Lambda Execution Issues
Hey there! Awesome library! I am running into some issues. I hope the community here can help me troubleshoot them. I am attempting to run hrequests in Lambda to interact with specific web pages when a function URL is called.
I am using the AWS SDK to deploy a Docker container similar to the following to ECR -> Lambda:
FROM mcr.microsoft.com/playwright/python:v1.34.0-jammy
# Include global arg in this stage of the build
ARG FUNCTION_DIR
RUN mkdir -p ${FUNCTION_DIR}
COPY app.py ${FUNCTION_DIR}
WORKDIR /app
COPY ./mytool/pyproject.toml ./mytool/poetry.lock /app/
COPY ./mytool/. /app
# Install dependencies using poetry
RUN pip install --no-cache-dir poetry awslambdaric aws-xray-sdk sh \
&& poetry config virtualenvs.create false \
&& poetry install --no-interaction --no-ansi
RUN python -m playwright install-deps
RUN python -m playwright install
WORKDIR ${FUNCTION_DIR}
ENTRYPOINT [ "/usr/bin/python", "-m", "awslambdaric" ]
CMD [ "app.handler" ]
An app.py file similar to the following is then called using said function URL via awslambdaric:
def handler(event, context):
logger.debug(msg=f"Initial event: {event}")
headers = event["headers"]
header_validation = validate_headers(headers)
input = headers["x-input"]
try:
command = headers["x-command"].split()
command.extend(input.split())
except Exception as e:
logger.error(msg=f"Error parsing command: {e}")
return {
"statusCode": 500,
"body": f"Error parsing command: {e}",
}
parsed = []
try:
logger.debug(msg=f"Running command: {command}")
# Set HOME=/tmp to avoid writing to the container filesystem
# Set LD_LIBRARY_PATH to include /usr/lib64 to avoid issues with the AWS X-Ray daemon
os.environ["HOME"] = "/tmp"
os.environ["LD_LIBRARY_PATH"] = "/usr/lib64"
results = subprocess.run(command, capture_output=True, text=True, env=os.environ.copy())
logger.debug(msg=f"Results stdout: {results.stdout}")
logger.debug(msg=f"Results stderr: {results.stderr}")
logger.debug(msg=f"Command exited with code: {results.returncode}")
except subprocess.TimeoutExpired as e:
logger.error(msg=f"Command timed out: {e}")
return {
"statusCode": 408, # HTTP status code for Request Timeout
"body": json.dumps({
"stdout": str(e.stdout),
"stderr": str(e.stderr),
"e": str(e),
"error": "Command timed out"
}),
}
except Exception as e:
logger.error(msg=f"Error executing command: {e}")
return {
"statusCode": 500,
"body": f"Error executing command: {e}",
}
try:
for line in results.stdout.splitlines():
parsed_json = json.loads(line)
logger.debug(msg=f"Output: {parsed_json}")

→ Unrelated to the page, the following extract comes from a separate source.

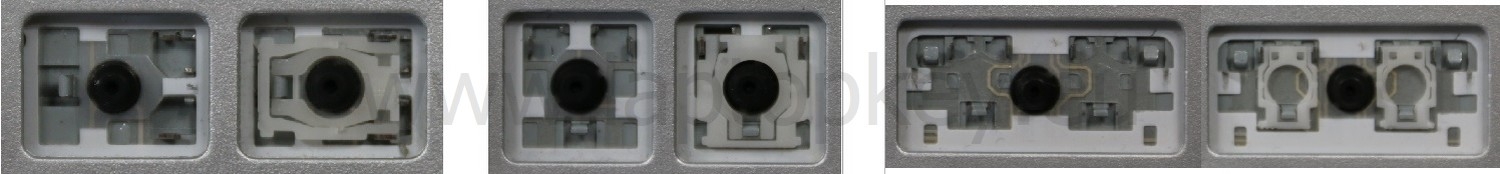 - Pour choisir le modèle approprié, comparez l’emplacement vide de votre clavier avec les photos ci-dessous, ou retirez la touche « A » : vous trouverez toujours sous celle-ci une articulation de taille moyenne.
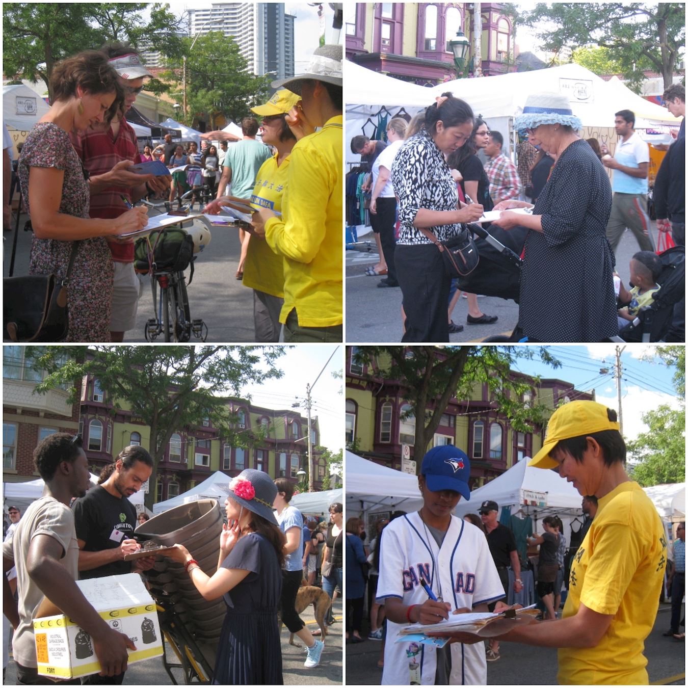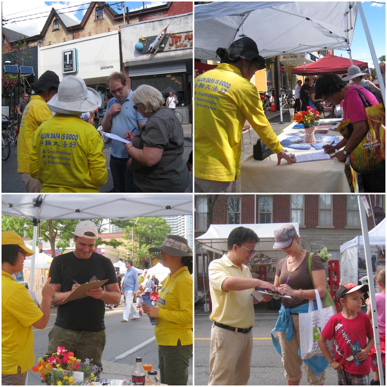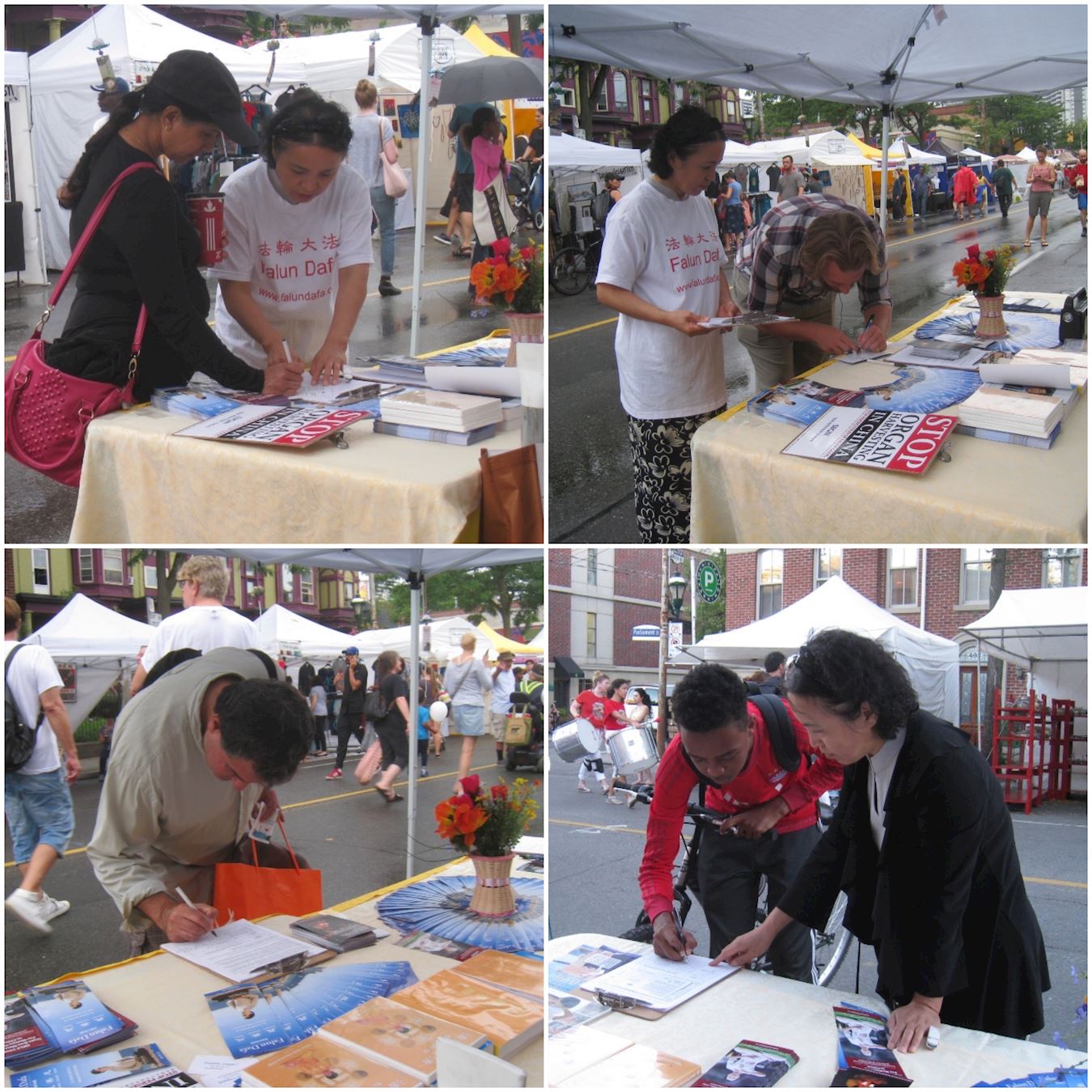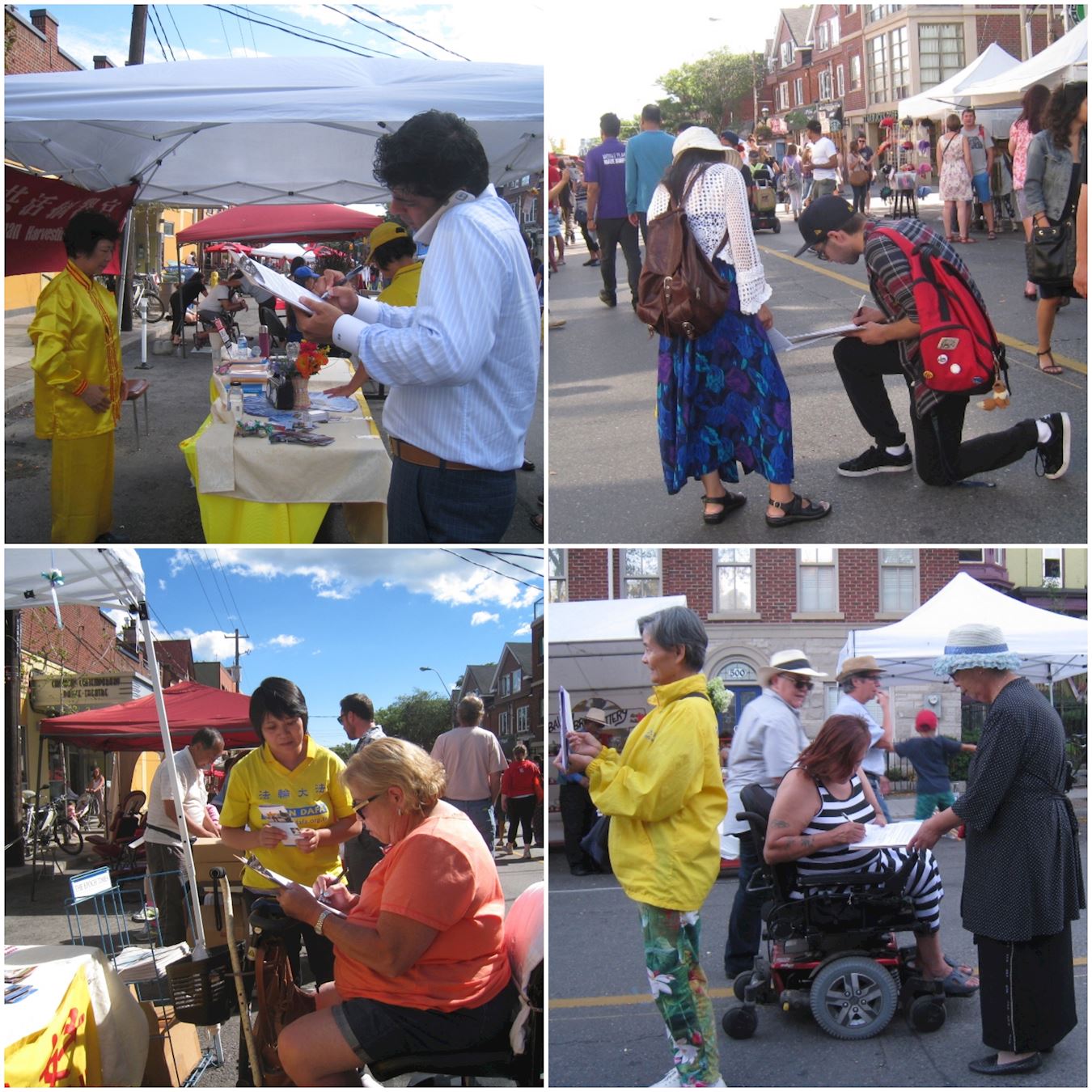 法轮大法展位上有“法轮大法好”和“制止中共活摘器官”横幅,身穿黄色书有“法轮大法”字样衣服炼功的法轮功学员及精美的法轮大法书籍和写有“法轮大法好”的小莲花吸引了很多游客,人们纷纷来到展位或在展位附近签名送给总理贾斯汀·特鲁多的明信片和邮给加拿大国会的请愿表,呼吁总理和加拿大政府在中国总理李克强来加访问时提出立即停止迫害法轮功、以及制止活摘法轮功学员器官等侵犯人权的罪行。

parsed.append(parsed_json)
except Exception as e:
logger.error(msg=f"Error parsing output: {e}")
return {
"statusCode": 500,
"body": f"Error parsing output: {e}",
}
xray_recorder.end_segment()
return {"statusCode": 200, "body": json.dumps(parsed)}
This app.py code is calling a separate tool I have created that utilizes hrequests for navigation and interaction with web pages. When calling the app.py file with the function URL, however, the following error is returned from hrequests specifically:
Exception in thread Thread-1 (spawn_main):
Traceback (most recent call last):
File "/usr/lib/python3.10/threading.py", line 1016, in _bootstrap_inner
self.run()
File "/usr/lib/python3.10/threading.py", line 953, in run
self._target(*self._args, **self._kwargs)
File "/usr/local/lib/python3.10/dist-packages/hrequests/browser.py", line 128, in spawn_main
asyncio.new_event_loop().run_until_complete(self.main())
File "/usr/lib/python3.10/asyncio/base_events.py", line 646, in run_until_complete
return future.result()
File "/usr/local/lib/python3.10/dist-packages/hrequests/browser.py", line 135, in main
self.context = await self.client.new_context(
File "/usr/local/lib/python3.10/dist-packages/hrequests/playwright_mock/playwright_mock.py", line 38, in new_context
_browser = await context.new_context(
File "/usr/local/lib/python3.10/dist-packages/hrequests/playwright_mock/context.py", line 6, in new_context
context = await inst.main_browser.new_context(
File "/usr/local/lib/python3.10/dist-packages/playwright/async_api/_generated.py", line 14154, in new_context
await self._impl_obj.new_context(
File "/usr/local/lib/python3.10/dist-packages/playwright/_impl/_browser.py", line 127, in new_context
channel = await self._channel.send("newContext", params)
File "/usr/local/lib/python3.10/dist-packages/playwright/_impl/_connection.py", line 61, in send
return await self._connection.wrap_api_call(
File "/usr/local/lib/python3.10/dist-packages/playwright/_impl/_connection.py", line 482, in wrap_api_call
return await cb()
File "/usr/local/lib/python3.10/dist-packages/playwright/_impl/_connection.py", line 97, in inner_send
result = next(iter(done)).result()
playwright._impl._api_types.Error: Target page, context or browser has been closed
Some notes on what has already been attempted:
- The container image runs just fine on my local system with similar resource allocations specified
- I can call my tool remotely, and it appears to run partially before hitting this exception
- I have increased memory allocation to the Lambda function several times without success.
- My tool is always hitting the lambda timeout value set no matter how high so I suspect this error is occurring and locking the application entirely.
I am not experienced with playwright and headless browser usage, so any help would be greatly appreciated. I understand this is not directly related to hrequests, but I hope the community here is familiar enough with the frameworks to assist. Thanks!